Пленников не били и не истязали, до того как вывести на люди. Шли оба уверенно, только смертельно бледные лица и растерянные глаза выдавали их состояние.
– Это христиане! Смерть христианам! – закричали в толпе несколько человек, но никто не подхватил, и голоса скоро смолкли.
Князь Владимир тронул бока лошади каблуками своих сапог и выехал поближе к середине образовавшегося круга.
Толпа умолкла, все глаза устремились на молодого властителя.
Владимир обвел взглядом глядящих на него людей, и в глазах его зажегся уже знакомый мне и, наверное, многим огонек.
– Вот они! – крикнул князь, указывая затянутой в перчатку рукой на остановившихся перед ним пленников. – Эти люди – последние христиане в Киеве! Они будут принесены в жертву нашим богам, и больше на священной земле Киева не будет места иноземной заразе!
Владимир снова тронул свою кобылу и медленным шагом поехал по кругу.
– Они говорили – не убей! – закричал он, указывая на стоящих священнослужителей. – Они говорили – будьте слабыми! Они говорили – прощайте врагов! Вот что они говорили, чему учили вас.
Он остановился и, протянув руку вперед, обвел ею свой «пантеон» – все деревянные столбы с вырезанными ликами идолов.
– Они говорили – не чтите наших древних богов! – опять продолжил князь свою дидактическую речь, обращаясь к молчащей толпе слушателей. – Мы казним этих врагов!
Владимир умолк, задохнувшись от собственного крика. Вопил он громко, изо всех сил, а теперь еще и сам возбудился от ненависти, которую хотел посеять в сердцах своих слушателей, – в уголках его ярко-алых губ выступила пена…
«Боже, – невольно подумал я. – Говорят, мы с ним похожи как две капли… Неужели и я выгляжу таким же припадочным монстром? Да нет же, не может быть…»
Через толпу прошествовали жрецы, и Жеривол с торжествующей ухмылкой приблизился к отцу Иоанну. Это был миг его торжества!

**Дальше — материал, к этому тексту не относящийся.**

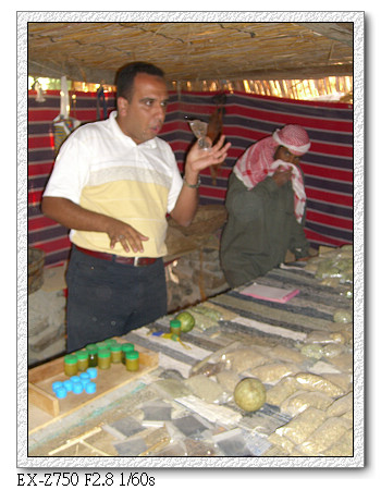 桌上這些都是貝都因人日常的用藥,可治療糖尿病、腎結石、胃病(拉肚子)、感冒(喉嚨疼)。

В руках жреца был нож, одним взмахом которого он сверху вниз распорол священническое облачение своей жертвы. Другой жрец, зашедший сзади, разрезал веревку, которой были связаны руки человека.
Резко обернувшись к толпе, отец Иоанн попытался что-то сказать, но ему этого не позволили – одним движением он был опрокинут на спину, и два жреца, подхватив тело, потащили его к главному жертвеннику, над которым возвышался Перун.
Мелькнуло бледное лицо священника, его всклокоченная длинная борода и ошалелые глаза. Все же он ухитрился вскинуть кверху руку и в последний миг, сложив перста, благословил окружавшую его толпу.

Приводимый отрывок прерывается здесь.